Né en 1970 à Conflans-Sainte-Honorine (FR)
Vit et travaille à Berlin (DE) et à Paris (FR)
1994
Patron, chevilles de couleur
Dimensions variables
Acquisition: 1999
Le mur de chevilles s’étend sur la totalité de la surface d’un mur de l’espace d’exposition. L’œuvre est réalisée selon un principe défini par l’artiste : apposer sur un mur blanc un coupon de 60 par 60 cm délimitant les emplacements des trous à pratiquer, se munir des chevilles correspondantes, de sections et de couleurs différentes – une section correspondant à une couleur – et d’une perceuse pour pratiquer les trous. On reproduira à loisir le patron, et l’on répétera le geste, patiemment, pour cribler le mur de chevilles.

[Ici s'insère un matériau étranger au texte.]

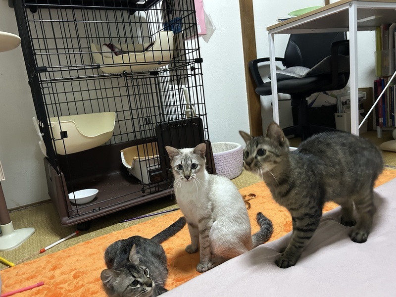| 譲渡費用(医療費、交通費など) | 福岡からお受け入れした子達なので羽田空港までお迎えに行っています。 医療費、食事代、運搬費等込みで4万円 ワクチン2回接種 毎月のノミマダニ駆除 お受け入れ時はお腹の駆虫 エイズ白血病検査 去勢手術済 |
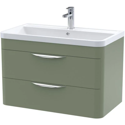 Parade Wall Hung 2 Drawer Vanity Unit with Ceramic Basin 800mm Wide Satin Green Nuie

La référence aux Wall Drawings de Sol LeWitt est assez immédiate. La pièce est réalisable à partir d’une notice, les dimensions et la forme physique finale dépendant étroitement du lieu choisi pour l’œuvre. Cette œuvre «peut être réalisée», comme elle pourrait ne pas l’être, rejoignant ainsi les Statements de Lawrence Weiner. Les préoccupations esthétiques ne sont pas absentes : l’attention est portée à une régularité dans l’apposition du coupon, les couleurs vives et les sections variées des chevilles venant certifier l’intention décorative. Le mur blanc, autre contrainte définie par Mathieu Mercier, vient nous assurer de cet objectif: la myriade de points ainsi activée ne se laissera pas dominer par la concurrence éventuelle d’un motif ou d’une couleur préexistante. Le mur de chevilles est éminemment pragmatique : la cheville est un objet utile, et plus particulièrement pour l’accrochage d’une œuvre ou d’un objet quelconque. Le mur est désigné comme étant une œuvre, mais, semble en attente, fixé dans l’état intermédiaire de l’accrochage : ce mur, outre sa dimension décorative, attire notre attention sur sa possible fonction, dans le cadre de la présentation d’œuvres ou de tout autre élément. En ce sens, elle nie toute autosuffisance, comme en attente de l’œuvre véritable, la possibilité d’accrocher des pièces étant laissée à l’initiative du propriétaire.
La pratique humble du bricolage et de l’aménagement intérieur, doublée d’une référence directe à l’environnement dans lequel l’artiste se situe, le monde de l’art et ses références, est une caractéristique du travail de Mathieu Mercier. Comme pour d’autres œuvres, la dimension utilitaire, l’esprit du «faites-le vous-même» et sa possible reproduction (le mur de chevilles pouvant être présenté simultanément dans plusieurs endroits) s’opposent aux catégories longtemps convoquées pour définir l’œuvre d’art. Ces données renvoient aux pratiques domestiques et à la décoration appliquée au plus grand nombre, et intègrent les mécanismes de production et de consommation industrielle au champ artistique.
Ce Mur de chevilles, au-delà de l’ambiguïté qu’il introduit entre fonction utilitaire et fonction esthétique, critique discrètement les conditions de la vie contemporaine, à mi-chemin entre travail et loisirs, oscillant entre un légitime désir de singularité et l’implacable standardisation qui menace nos intérieurs. Le parallèle établi avec les conventions et pratiques de l’art contemporain ne fait qu’en amplifier la portée.